GTX580 is 2x-1.5x SLOWER than GTX480

we first bought 6 single-GPU GTX480 cards, and found it’s slower a little bit than a two-GPU version of GTX295.
Then we bought 120 single-GPU GTX580 cards and hope they can be faster than the 480 and even 295, because many website said GTX580 is 20% faster than the GTX480.

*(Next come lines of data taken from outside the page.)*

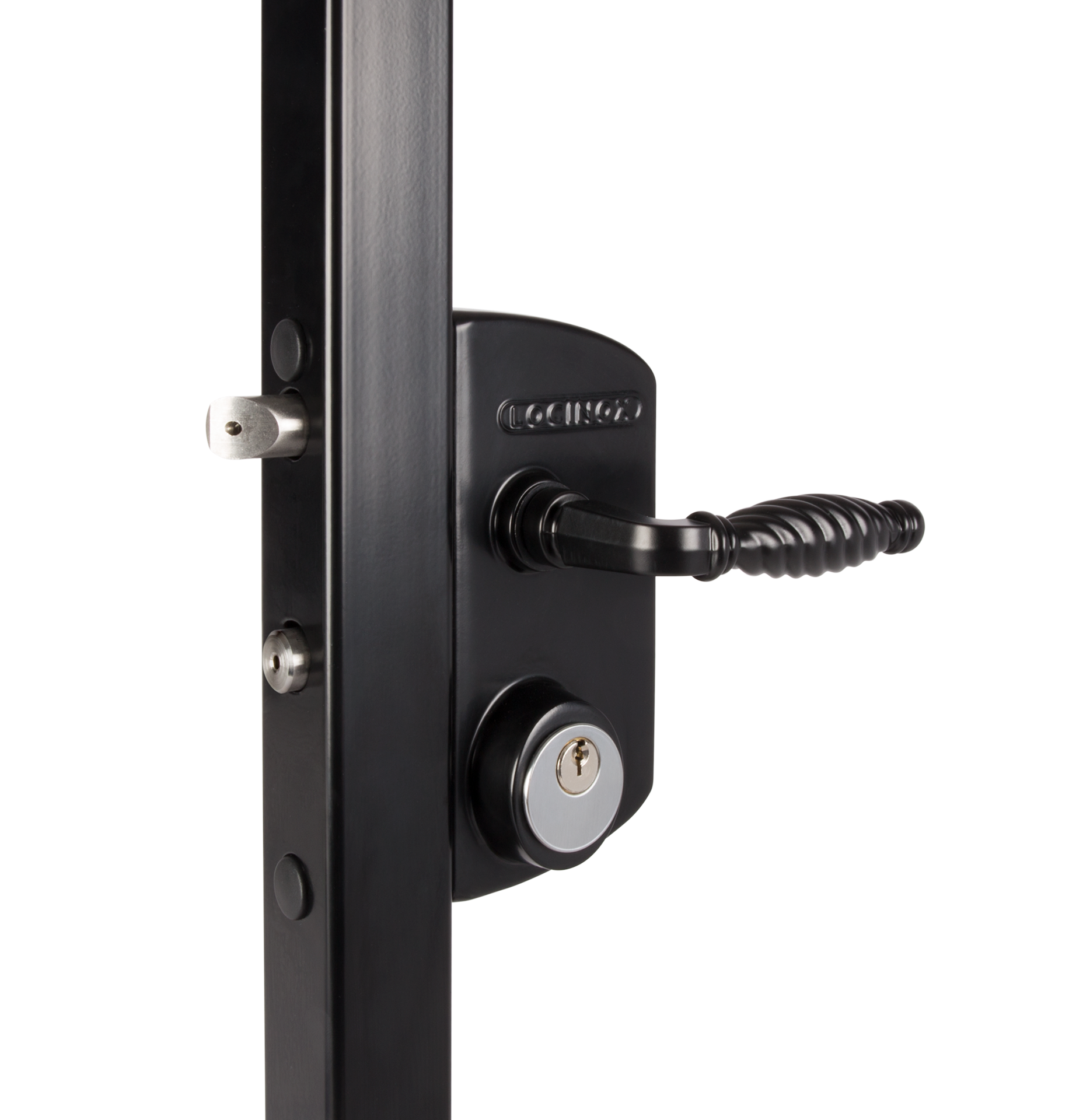 Excellent gate lock with aluminium housing and stainless steel mechanism. Specially developed to use with a standard 1-1/8" Mortise cylinder. Comes standard with 5pin keyed alike or keyed different (drilled 6pin). The latch and dead bolt have 3/8" continuous adjustment to allow perfect alignment of the locking mechanism. A stainless steel throw of 7/8" guarantees secure locking. Black lock standard provided with 3006B handle (black anodized aluminum), silver comes with aluminum handle (3006M).
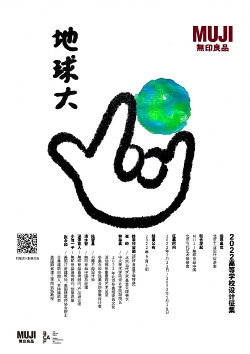 MUJI無印良品中國聯合北京當代藝術基金會(BCAF),正式發(fā)起“地球大”2022高等學校設計征集(以下簡稱“地球大”)。面向中國大陸地區(qū)的高等院校在校生,征集以“地球大”為主題且與生活(衣食住行等)相關的設計作品,以此呼吁大家為營造“人與自然的良好關系”做出努力。
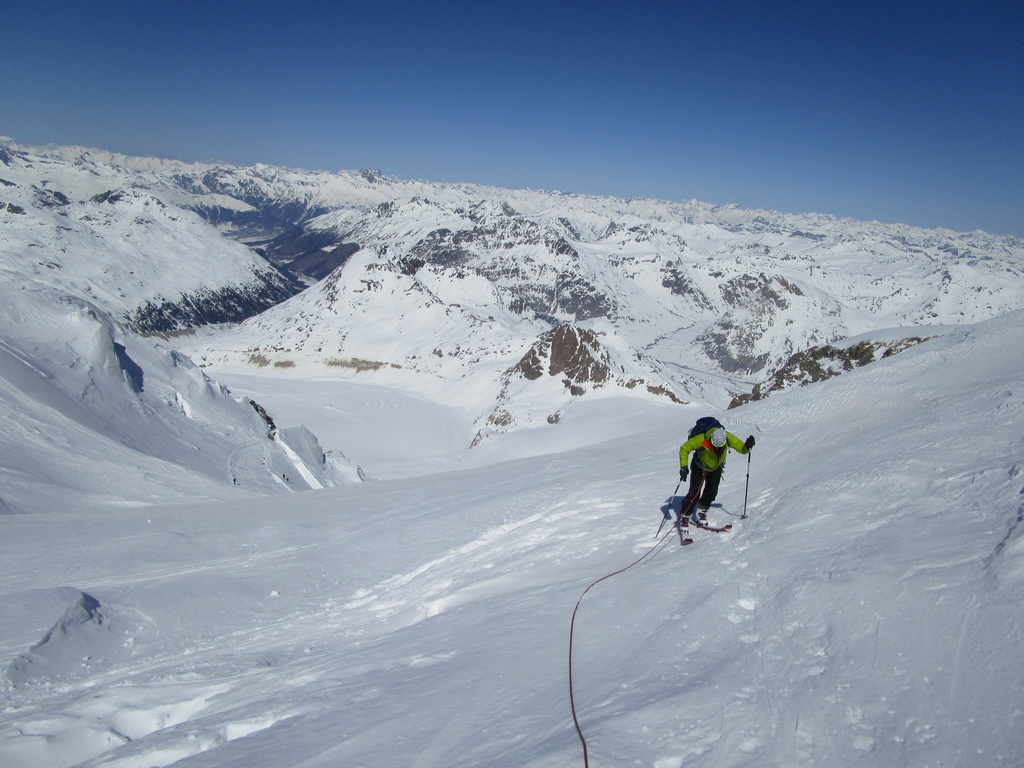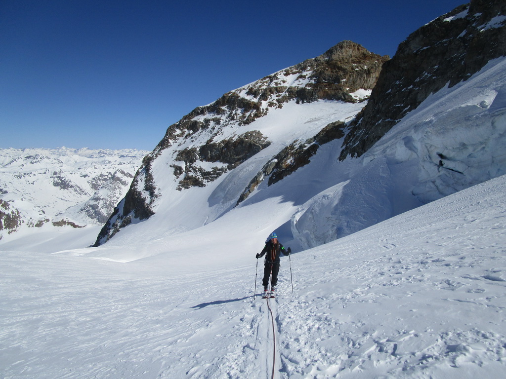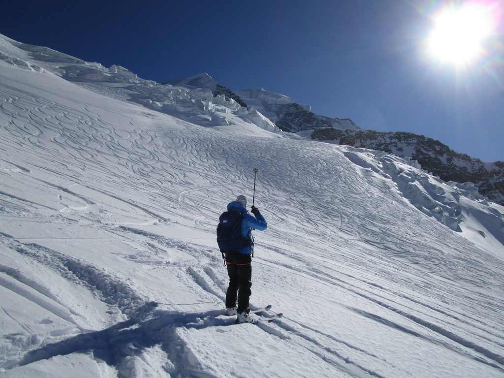 Začíname šlapať nenaviazaní, lano vyťahujeme až po prvom výraznom ľadovcovom zlome, ľadovec doteraz vyzerá mierumilovne. Ľudia šlapú pred i za nami. Zatiaľ sme na problém nenarazili aj keď v ľadovcovom zlome trebalo dať na pár metrov dole lyže. Po prejdení druhého plata sa terén pristrmuje.

For all our test, we put 6 cards on the same compter, run the exactly same program and input data.
If we use 6 GTX480, it takes 26 hours to finish. But if we use 6 GTX580, it takes 39 hours.
we use CUDA 3.2, because we failed to compile it with CUDA4.
The computer we used have 48Gb memory and two 6-core XEON CPUs. I use centos, and I always copy all the data into /dev/shm before I run the program. The program has 6 CPU threads to control 6 GPU individually.

DO somebody know what’s reason? Is there somebody to do a real test on GTX580 and get a 20% faster as said by NVIDIA?
by the way, the GTX580 is made by PNY. The GTX480 is made by Zotac.

Although you are using CUDA 3.2, are you at least using the latest NVIDIA drivers? The GTX 580 was released after the drivers that distributed with CUDA 3.2, so you should at least eliminate that potential problem.

I had changed to the new driver. But the speed looks the same slow.